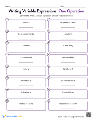 Learn to write algebraic expressions with variables! Translate verbal expressions into equations using this helpful worksheet. Start now!
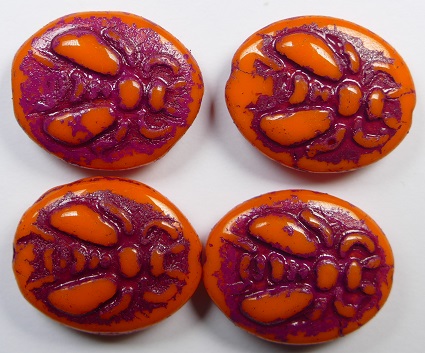 0060139 Opaque Orange Garnet Washed Bee Beads kralen 3 Pc.
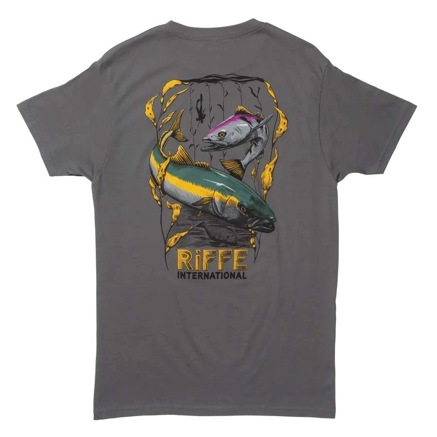 The trifecta of the Left Coast. Our West Coast Dive 100% combed ring spun cotton t-shirt is soft and comfortable donning 3 staple and tasty fish of our Southern California coast – white seabass, yellowtail and halibut.
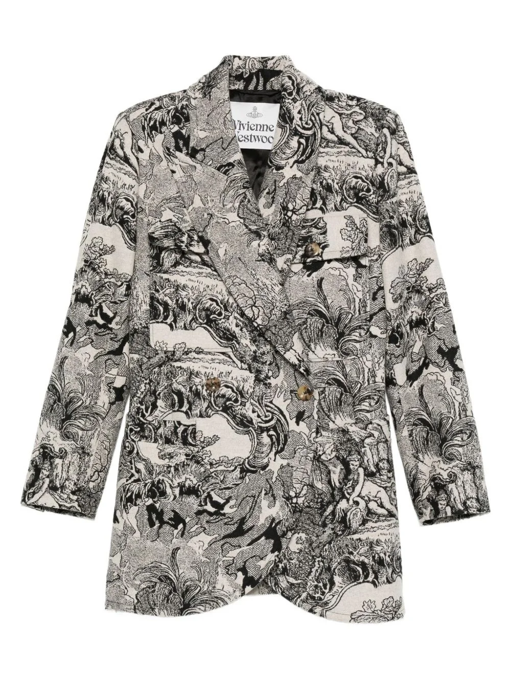 double-breasted printed coat Highlights - Cream - Black print - Double-breasted fastening - Long sleeves - Curved hem Made in Italy Composition Outer: Virgin Wool 82%, Polyamide 18% Lining: Viscose 100%, Cotton 100% Washing instructions Dry Clean Only
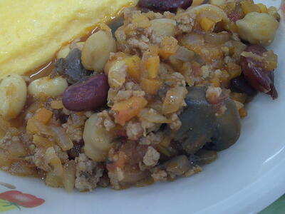 栄養バツグンの「チリコンカン」は、ひき肉と玉ねぎ、豆、トマトで煮込んだスパイシーなメキシコ料理了解給食では、玉ねぎをよく炒め、甘みを引き出していますキラキラ豆は、植物の種なので、栄養バランスが整っているスーパーフード王冠大豆と金時豆、ひよこ豆の3種類を加えて、じっくり煮込みました了解赤ワインやとろけるチーズも加え、風味豊かな、コクのある「チリコンカン」ができ上がりましたキラキラ食パンにチリコンカンをのせて食べても美味しいので、よくかんで、味わって食べましょう興奮・ヤッター!
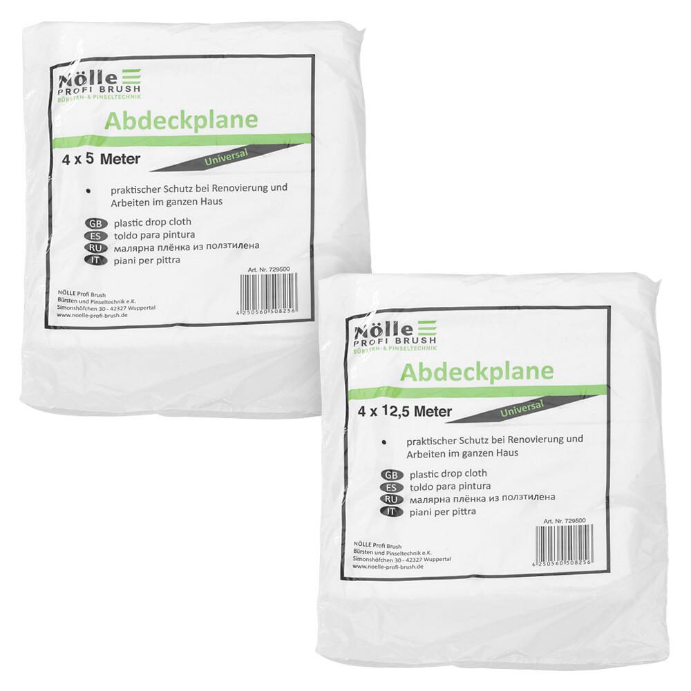 Die Nölle Abdeckfolie ist die ideale Lösung zum Schutz Ihrer Oberflächen und Gegenstände. Mit den großzügigen Maßen von 4,0 x 5,0 m bietet sie ausreichend Fläche, um Möbel, Böden oder andere Objekte während Renovierungsarbeiten, Malerprojekten oder Umzügen abzudecken. Diese hochwertige Folie hat eine Stärke von 6 Mikron, was sie robust und gleichzeitig flexibel macht. Sie lässt sich mühelos handhaben und anpassen, um den spezifischen Anforderungen Ihres Projektes gerecht zu werden. Die Abdeckfolie ist in einem klassischen Weiß gehalten, was nicht nur ästhetisch ansprechend ist, sondern auch eine gute Sichtbarkeit für eventuelle Farbspritzer oder Schmutz bietet. Dadurch können Sie sicherstellen, dass Ihre Arbeitsumgebung sauber bleibt und nach Abschluss der Arbeiten schnell wieder in ihren ursprünglichen Zustand versetzt werden kann. Hergestellt aus strapazierfähigem Folienmaterial, gewährleistet die Nölle Abdeckfolie einen zuverlässigen Schutz gegen Staub, Schmutz und Feuchtigkeit. Sie ist besonders nützlich für Handwerker, Maler und Heimwerker, die Wert auf Sauberkeit und Ordnung legen. Durch die Verwendung dieser Folie können Sie nicht nur Zeit bei der Reinigung sparen, sondern auch die Lebensdauer Ihrer Möbel und Böden verlängern. Die Nölle Abdeckfolie ist nicht nur praktisch, sondern auch vielseitig einsetzbar. Egal, ob Sie sie für Innen- oder Außenanwendungen benötigen, sie ist eine einfache und effektive Lösung, die Ihnen hilft, Ihre Projekte effizient umzusetzen. Vertrauen Sie auf die Qualität von Nölle und machen Sie Ihre Arbeiten einfacher und sauberer mit dieser hochwertigen Abdeckfolie.Technische Daten
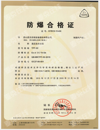 此次防爆證的取得充分表明了麥克在線自主研發的防爆在線連續分析儀、溫壓流變送器、防爆電加熱器研發水平在國內的領先性,我公司也將繼續秉承“創新、務實”的企業精神,進一步全方位提升產品開發能力和質量水平。
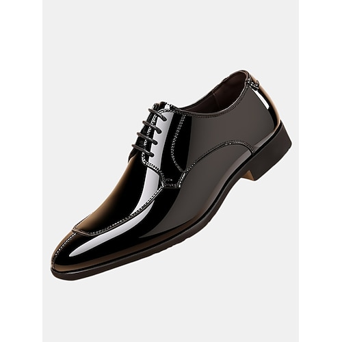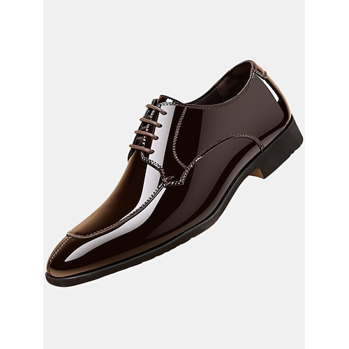 scarpe eleganti da uomo in stile oxford con lacci, color marrone scuro lucido, per ufficio, banchetti e occasioni formali
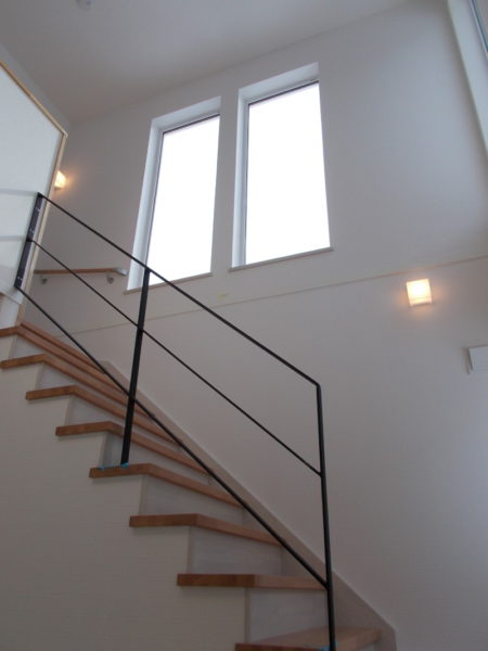 階段手摺りをブラックのスチール製にした上に吹抜けを大きめに作り、解放感と高級感を演出しています。

WHAT YOU NEED TO DO: Give the material again exactly as it is, but keep the pictures out.

EXERCISE RESPONSE:
 Learn to write algebraic expressions with variables! Translate verbal expressions into equations using this helpful worksheet. Start now!
 0060139 Opaque Orange Garnet Washed Bee Beads kralen 3 Pc.
 The trifecta of the Left Coast. Our West Coast Dive 100% combed ring spun cotton t-shirt is soft and comfortable donning 3 staple and tasty fish of our Southern California coast – white seabass, yellowtail and halibut.
 double-breasted printed coat Highlights - Cream - Black print - Double-breasted fastening - Long sleeves - Curved hem Made in Italy Composition Outer: Virgin Wool 82%, Polyamide 18% Lining: Viscose 100%, Cotton 100% Washing instructions Dry Clean Only
 栄養バツグンの「チリコンカン」は、ひき肉と玉ねぎ、豆、トマトで煮込んだスパイシーなメキシコ料理了解給食では、玉ねぎをよく炒め、甘みを引き出していますキラキラ豆は、植物の種なので、栄養バランスが整っているスーパーフード王冠大豆と金時豆、ひよこ豆の3種類を加えて、じっくり煮込みました了解赤ワインやとろけるチーズも加え、風味豊かな、コクのある「チリコンカン」ができ上がりましたキラキラ食パンにチリコンカンをのせて食べても美味しいので、よくかんで、味わって食べましょう興奮・ヤッター!
 Die Nölle Abdeckfolie ist die ideale Lösung zum Schutz Ihrer Oberflächen und Gegenstände. Mit den großzügigen Maßen von 4,0 x 5,0 m bietet sie ausreichend Fläche, um Möbel, Böden oder andere Objekte während Renovierungsarbeiten, Malerprojekten oder Umzügen abzudecken. Diese hochwertige Folie hat eine Stärke von 6 Mikron, was sie robust und gleichzeitig flexibel macht. Sie lässt sich mühelos handhaben und anpassen, um den spezifischen Anforderungen Ihres Projektes gerecht zu werden. Die Abdeckfolie ist in einem klassischen Weiß gehalten, was nicht nur ästhetisch ansprechend ist, sondern auch eine gute Sichtbarkeit für eventuelle Farbspritzer oder Schmutz bietet. Dadurch können Sie sicherstellen, dass Ihre Arbeitsumgebung sauber bleibt und nach Abschluss der Arbeiten schnell wieder in ihren ursprünglichen Zustand versetzt werden kann. Hergestellt aus strapazierfähigem Folienmaterial, gewährleistet die Nölle Abdeckfolie einen zuverlässigen Schutz gegen Staub, Schmutz und Feuchtigkeit. Sie ist besonders nützlich für Handwerker, Maler und Heimwerker, die Wert auf Sauberkeit und Ordnung legen. Durch die Verwendung dieser Folie können Sie nicht nur Zeit bei der Reinigung sparen, sondern auch die Lebensdauer Ihrer Möbel und Böden verlängern. Die Nölle Abdeckfolie ist nicht nur praktisch, sondern auch vielseitig einsetzbar. Egal, ob Sie sie für Innen- oder Außenanwendungen benötigen, sie ist eine einfache und effektive Lösung, die Ihnen hilft, Ihre Projekte effizient umzusetzen. Vertrauen Sie auf die Qualität von Nölle und machen Sie Ihre Arbeiten einfacher und sauberer mit dieser hochwertigen Abdeckfolie.Technische Daten
 此次防爆證的取得充分表明了麥克在線自主研發的防爆在線連續分析儀、溫壓流變送器、防爆電加熱器研發水平在國內的領先性,我公司也將繼續秉承“創新、務實”的企業精神,進一步全方位提升產品開發能力和質量水平。
 scarpe eleganti da uomo in stile oxford con lacci, color marrone scuro lucido, per ufficio, banchetti e occasioni formali
 階段手摺りをブラックのスチール製にした上に吹抜けを大きめに作り、解放感と高級感を演出しています。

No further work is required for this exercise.